Terminology is important. A BST is what I defined. A balanced BST has an extra property, but you don't get to call a balanced BST just a BST, it only adds to confusion and unclear communication.
I don't agree with your use of terminology; to me "BST" is just as much a class of things as "mammal" is. I will agree though that it has added confusion.
When you say BST the only thing you've said is that it's a binary tree structure with a property about the childrens value compared to the parent. While saying that there is certain BSTs with O(lg_2 n) searches is true, there also exists BSTs with O(n) searches.
The original claim was that:
> BTW, why not BST, for everything is O(log n)?
Which is not true. A sorted linked list is the canonical counter example. There is no confusion of terminology, it is clearly defined in algorithmic literature on search trees.
I generally take English sentences like that to be existential claims, rather than universal ones.
For example, if I was talking about an exciting new business plan to serve alcohol in a building and someone replied "Bars already serve drinks.", you probably wouldn't object saying that some bars don't serve drinks - that's not really the point.
I can probably concoct a counterexample, but given that most BSTs that one would actually use under that terminology are self-balancing ~O(log n) structures I am tempted to go with this.

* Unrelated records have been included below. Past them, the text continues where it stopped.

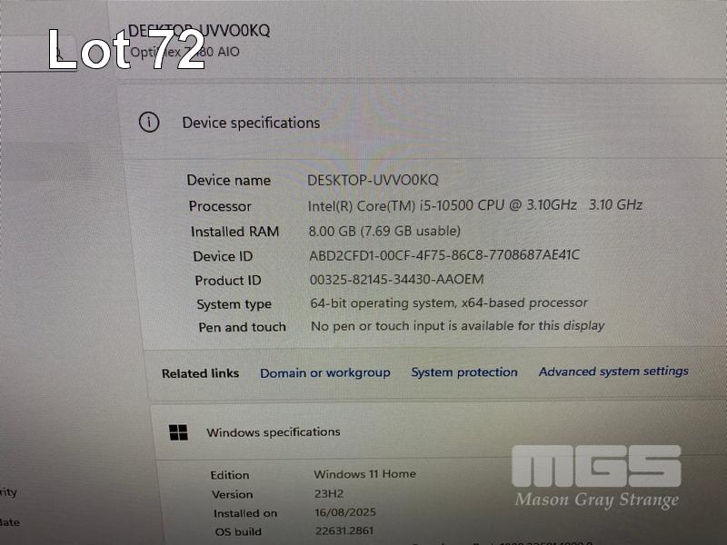 ALL-IN-ONE PC, DELL OPTIPLEX 7480, CORE i5 10500 (10TH GEN) @ 3.1GHz, 8GB DDR4 RAM, 512GB NVMe M.2 SSD, INBUILT 23.8" FHD WIDESCREEN (1920x1080), INTEL HD VIDEO, WEBCAM, 5 x USB, 1 x USB-C, Wi-Fi, BLUETOOTH, WINDOWS 11 HOME INSTALLED, KEYBOARD & MOUSE S/N:9NW54F3
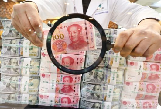 12일 서울 중구 하나은행 위변조대응센터에서 직원이 위안화를 들어 보이고 있다. /사진=뉴시스 |
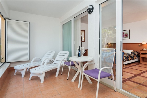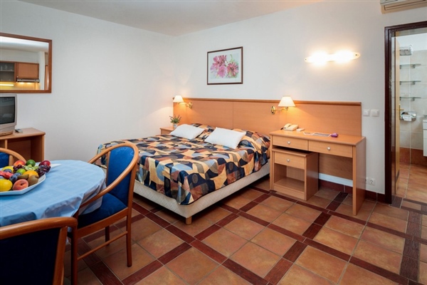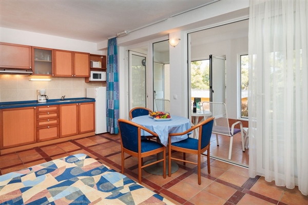 Smješteni u prizemlju, okruženi borovom šumom, naši Deluxe studio apartmani nude oazu mira. Apartmani imaju 1 bračni krevet, manju kuhinju s prostorom za blagovanje, kupaonicu s tušem i lođu.
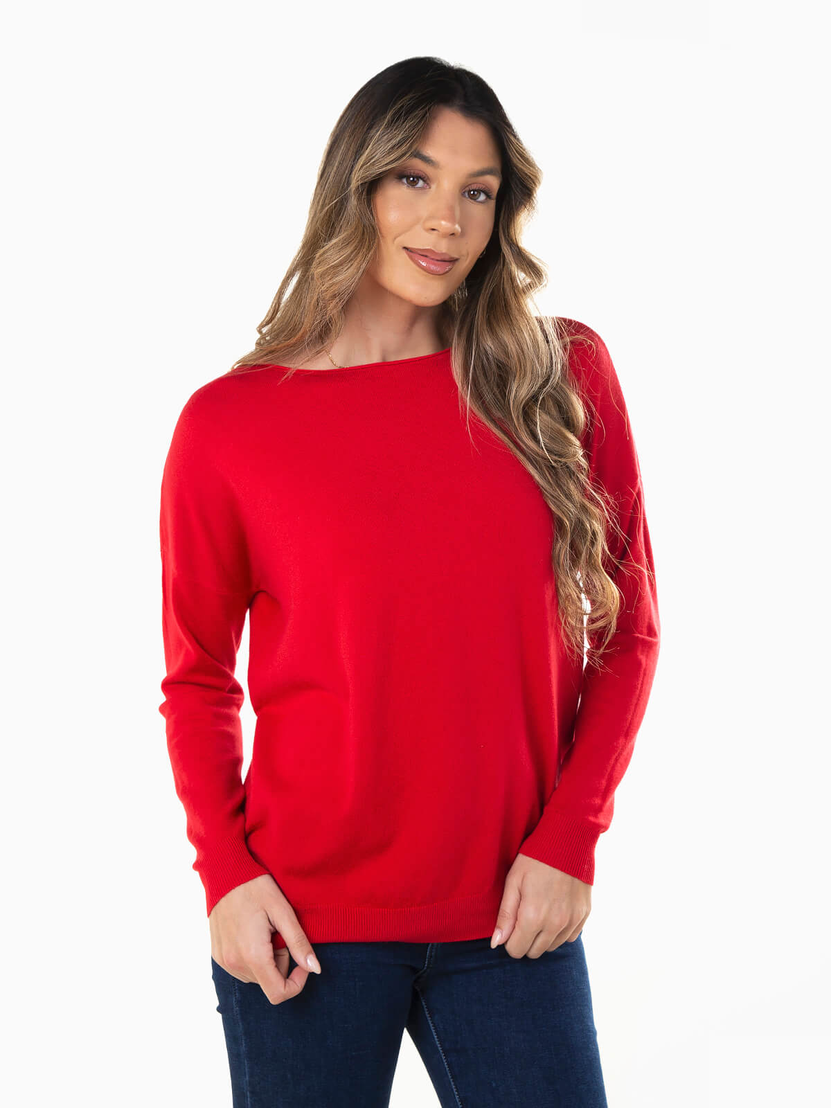 Camisola de malha com acabamento rolling para senhora. Camisola de manga comprida com decote barco e extremidades caneladas.
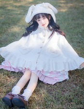【お支払い確認後20日以内発送】 RomelCheo うさ耳フード付裏起毛ケープ ケープコート マントコート ポンチョ 羽織り うさ耳フード フード付き ラビットフード もこもこ ロリータ スウィートロリータ 甘ロリ レディース モード系 ストリート 原宿系 青文字系 ファッション ロメルチェオ
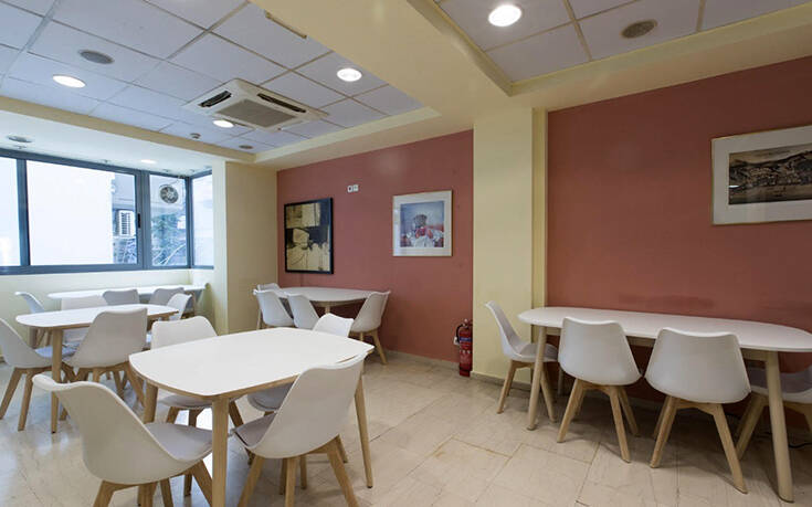 Άποψη του χώρου της τραπεζαρίας της “Εστίας των Αθηνών” μετά τις εργασίες ανακαίνισης
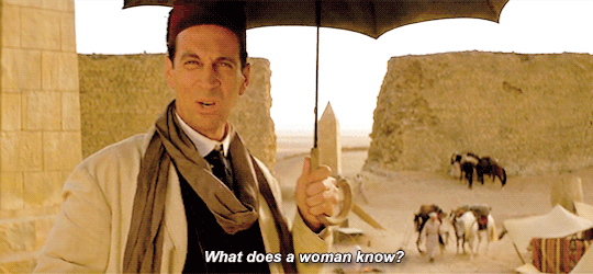 - Evie says that she is going to the only man she knows who will have the answers…. I should have known it would be her boss… The survivors (O’Connell, Evie, Jonathan, Daniels and Henderson) all head to the Cairo Museum, seeking the help of Dr. Bey. They found Dr. Bey in the company of the chieftain of the Medjai himself, Ardeth Bay… The three Americans and Jonathan point their pistols in their direction as Evie asks what the Medjai is doing there, to which Dr. Bey calmly asks them to lower their pistols so that they might explain. The curator goes on to explain that the Medjai are an ancient society that devoted itself to the protection of mankind for the past three thousand years, guarding the city of Hamunaptra from thieves and those that might activate the curse of the mummy, a goal which, thanks to Evie, has been brought to ruin. Evie is appalled that they are justifying killing of innocent people…. (Innocent…?) Dr. Bey explains that Imhotep, in his undead form, fears cats because they are the guardians of the Underworld and will fear them until he regenerates, at which point he will fear nothing, Daniels and Henderson being especially fearful of how the mummy regenerates. Evie notes that while the group was in Hamunaptra, the mummy called her “Anck-Su-Namun” and while they were in Burns’ quarters, he attempted to kiss her: Dr. Bey notes that Imhotep was cursed for his love of Anck-Su-Namun and that even after three thousand years he is still in love with her, (now…. that is love.) intending to bring her back from the dead and use Evie as the sacrificial victim needed. As Jonathan remarks that it’s bad luck, Dr. Bey states that it might give them the time needed to kill Imhotep, but Ardeth Bey looks up through the museum skylight to see that the sun is being blocked out, a sign that the mummy’s powers are growing. I enjoy that the Medjai called out our “heroes.” You started this mess. Later, at the residence where the survivors are staying, Evie asks who was present when the chest was opened: Burns, Henderson, Daniels and the Egyptologist, Dr. Chamberlain; Beni ran in fear before they could open the chest. Evie notes that they must rescue the Egyptologist and bring him back to Fort Brydon before the mummy can reach him.

I imagine if "self-balancing BST" was used the objection might never have been raised, even though not strictly all self-balancing BSTs have all O(log n) operations.
Either way it's a semantic thing that has little to do with what BST means (we agree on that) and more to do with interpreting the ambiguities of English.

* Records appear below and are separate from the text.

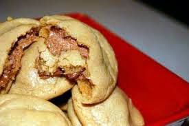 Take small cookie scoop of dough & flatten. Place candy bar in the middle & form dough around it.
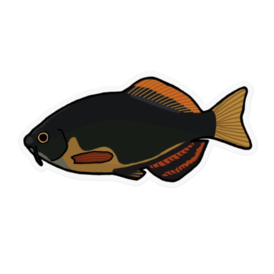 ステッカー - 100 x 100 (mm)(1)日本の淡水魚「アブラボテ」のデフォルメイラストのステッカーです。暗い中に仄かな緑が入り、ひれの橙色が差し色になっている渋い魅力のあるお魚です! サイズは100×100(mm)です。 通常の白い背景のものと透明な背景のものをご用意しております。 背景が透明になっているものは、どんな場所でも色を気にせずにお使い頂けます。
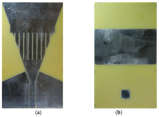 The braid antenna with 35 mm connector was chosen due to its performance. The simulation results for this are shown in Section 3. The optimal substrate thickness was determined as 2.4 mm. This was obtained by performing parametric sweep of the substrate thickness in CST and the 2.4 mm thickness exhibited the best −10 dB bandwidth performance. The fabricated antenna can be seen in Figure 3. It was produced using FR-4 substrate and a copper with a thickness of 35 mico metres by Eurocircuits.
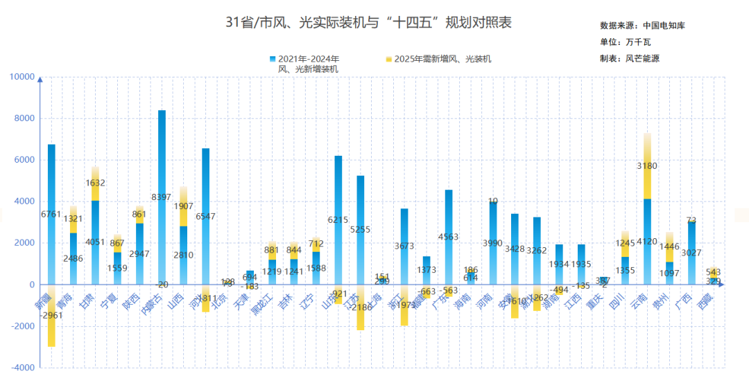 注:部分省份未明確“十四五”新增風(fēng)電裝機(jī)容量,故圖中未顯示2025年需新增風(fēng)電裝機(jī)數(shù)據(jù)
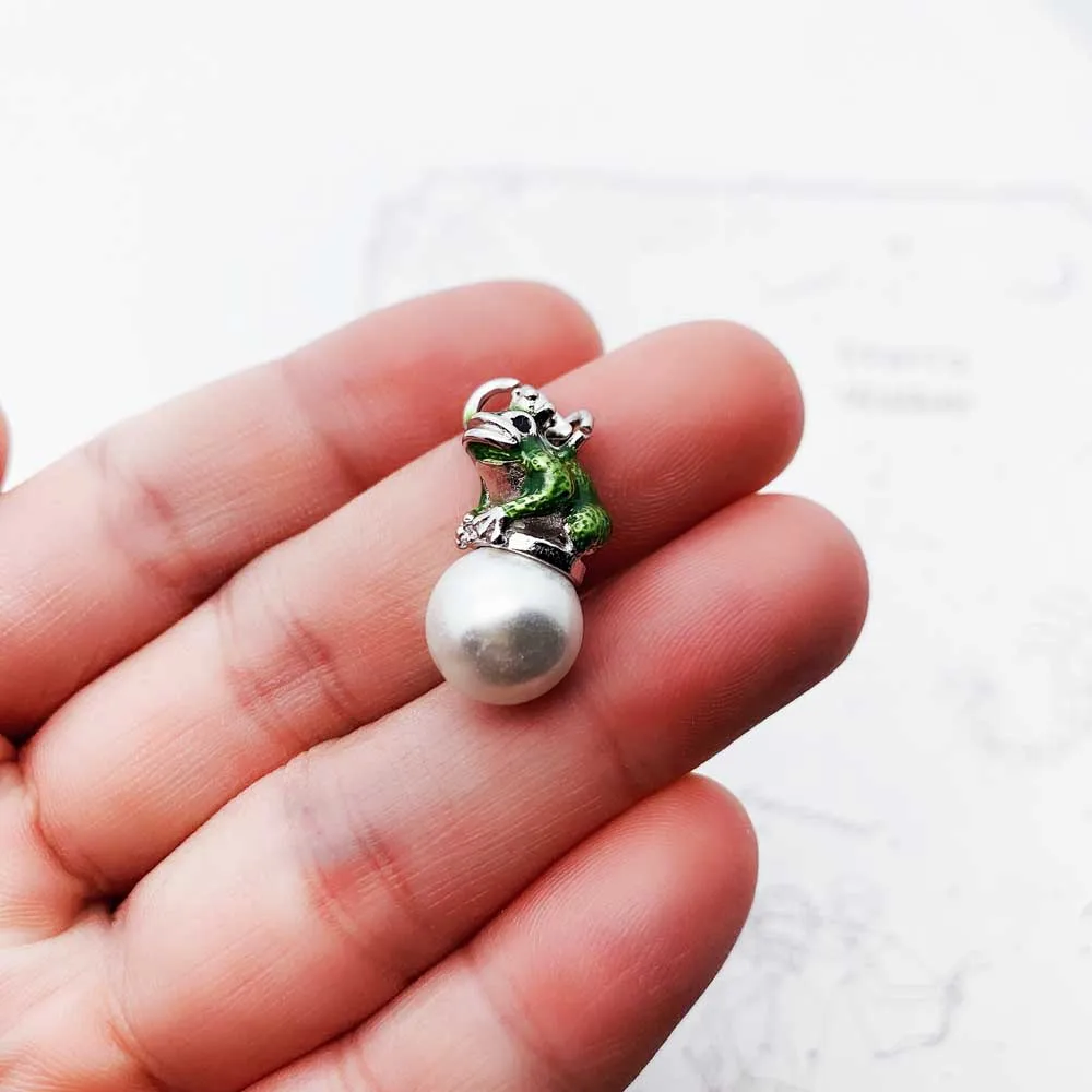 1× stříbrný přívěsek žába s perlou

My point of view origins from the academic world, and the distinction absolutely matters, and it should matter in any theoretical discussion on the topic, otherwise we'll spend too much time arguing semantics, instead of just being clear.
> not strictly all self-balancing BSTs have all O(log n) operations.
You're right. You could have a self balancing tree that would simply guarantee it's height is n/2, but that entails that it's height is O(n), which, by most definitions mean that it's not self balancing. You want it to be at least O(n^c) for 0<c<1, in height.